### Task
What you return should match the listing exactly, minus its images.

### Data

-- Opening Marker --

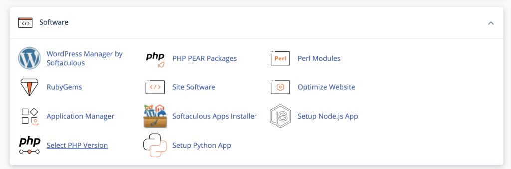 - Väl inne i cPanel, bläddra ner till sektionen Programvara (Software) och klicka på Select PHP Version. Se bild ovan.
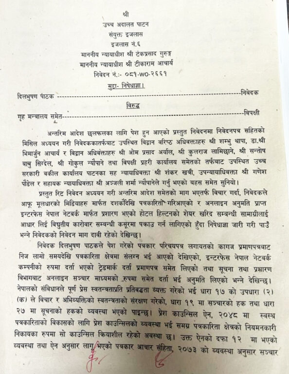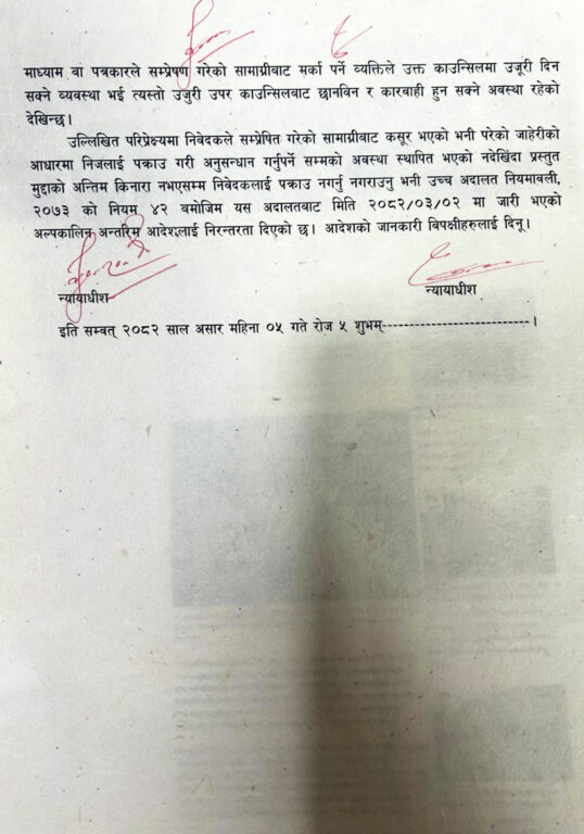 आदेशमा भनिएको छ, ‘निवेदकले सम्प्रेषण गरेको सामग्रीबाट कसूर भएको भनी परेको जाहेरीको आधारमा निजलाई पक्राउ गरी अनुसन्धान गर्नुपर्नेसम्मको अवस्था स्थापित भएको नदेखिँदा प्रस्तुत मुद्दाको अन्तिम किनारा नभएसम्म निवेदकलाई पक्राउ नगर्नु/नगराउनु ।’
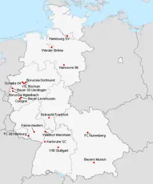 | FC Nuremberg | Städtisches Stadion | 56 500 | Nuremberg |

-- Closing Marker --

### Answer below
 - Väl inne i cPanel, bläddra ner till sektionen Programvara (Software) och klicka på Select PHP Version. Se bild ovan.
 आदेशमा भनिएको छ, ‘निवेदकले सम्प्रेषण गरेको सामग्रीबाट कसूर भएको भनी परेको जाहेरीको आधारमा निजलाई पक्राउ गरी अनुसन्धान गर्नुपर्नेसम्मको अवस्था स्थापित भएको नदेखिँदा प्रस्तुत मुद्दाको अन्तिम किनारा नभएसम्म निवेदकलाई पक्राउ नगर्नु/नगराउनु ।’
 | FC Nuremberg | Städtisches Stadion | 56 500 | Nuremberg |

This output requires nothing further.